Further these features are classified using multi class SVM-GK and GPRM classifiers. Evaluation of classifier performance is shown in Figs. 13 and 14 individually for female and male categories of distance features. Age wise classification is performed for totally 17 classes spanning from age 1 to age 17 for the overall data as shown in Fig. 12a. The experimentation is conducted by assuming 60–40 % of training (male- 4045 and female- 2858) and testing (male-2697 and female-1905) as in Fig. 12b and 12c in terms of age in years to be classified into male and female.

(a) Overall dataset statistics. (b) Training samples statistics. (c) Test samples statistics.

Confusion matrix- Performance using SVM-GK.

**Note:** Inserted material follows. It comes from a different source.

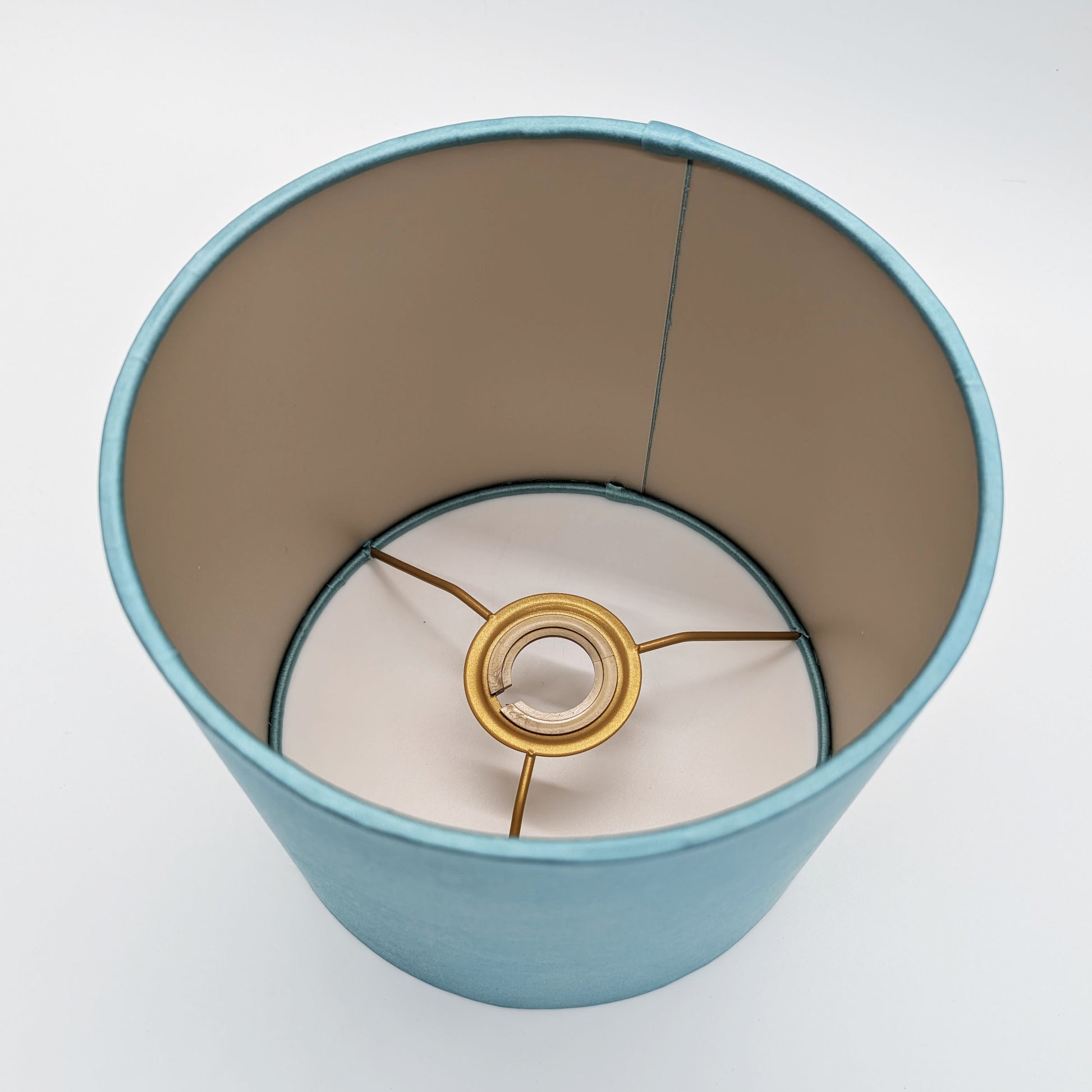 A unique 20cm drum lampshade dyed with locally grown fresh indigo on luxurious silk satin fabric.

Performance metrics of GPRM.
In Fig. 13, the cells highlighted in green indicate the positive prediction rate and the cells emphasized in variant red indicate the false discovery rate by classifier. The overall accuracy of the classifier is found to be 76.8% for instances of male and 88.1% for test instances of female for the datasets of about male (6833) and female (4778) with training and testing ratios of (60 : 40) %. Table 3 depicts the performance metrics of classifier SVM-GK for prediction of male and female instances separately.
Performance metrics of SVM-GK for instances of male with 60 : 40 train to test data
Table 3 depicts the performance metrics of classifier SVM-GK for prediction of male and female instances.
Performance metrics of SVM-GK for instances of male with 60 : 40 train to test data
It is observed from experimentation, the discriminable characteristics are highly found in the features of distance from carpal bone to middle finger phalangeal region than to other phalanges and hence leading to aforesaid accuracy. Further, reducing the number of classes may definitely increase the reliability of classifier.
Performance of GPRM for prediction of chronological age is depicted in Fig. 14a and 14b for female (1711) and male (2733) instances on the same test datasets experimented using SVM-GK. According to Fig. 13a and 13b, prediction accuracy of female samples is better compared to the male samples with regard to distance features. Root Mean Square Error of GPRM is found to be 0.7516 in case of female instance prediction and about 1.4168 for male instance prediction with exponential kernel function. Also, the prediction of classes in case of true to predicted class is converged greatly in case of female compared to male class.
In summary, assessment of chronological age is performed by considering the region of interest as wrist of left hand radiographs using a bit plane level processing for segmentation. Further, a convolution kernel based deep convolutional architecture framework is proposed with two hidden layers for classification of radiographs into male and female at level 1. Followed by which a semi-automated technique for distance features extraction from segmented region of interested is performed for classification into multiple age groups is developed for prediction of chronological age using SVM-GK and GPRM classifiers. Overall accuracy of deep learning model proposed is satisfactory. The classification of radiographs into various age groups is performed using SVM-GK and GPRM models using distance features computed from carpal bone regions to phalangeal regions radiograph images. In future, an automated method of extracting only carpal bone regions is to be proposed as an enhancement to this work and this further improve accuracy of age wise assessment.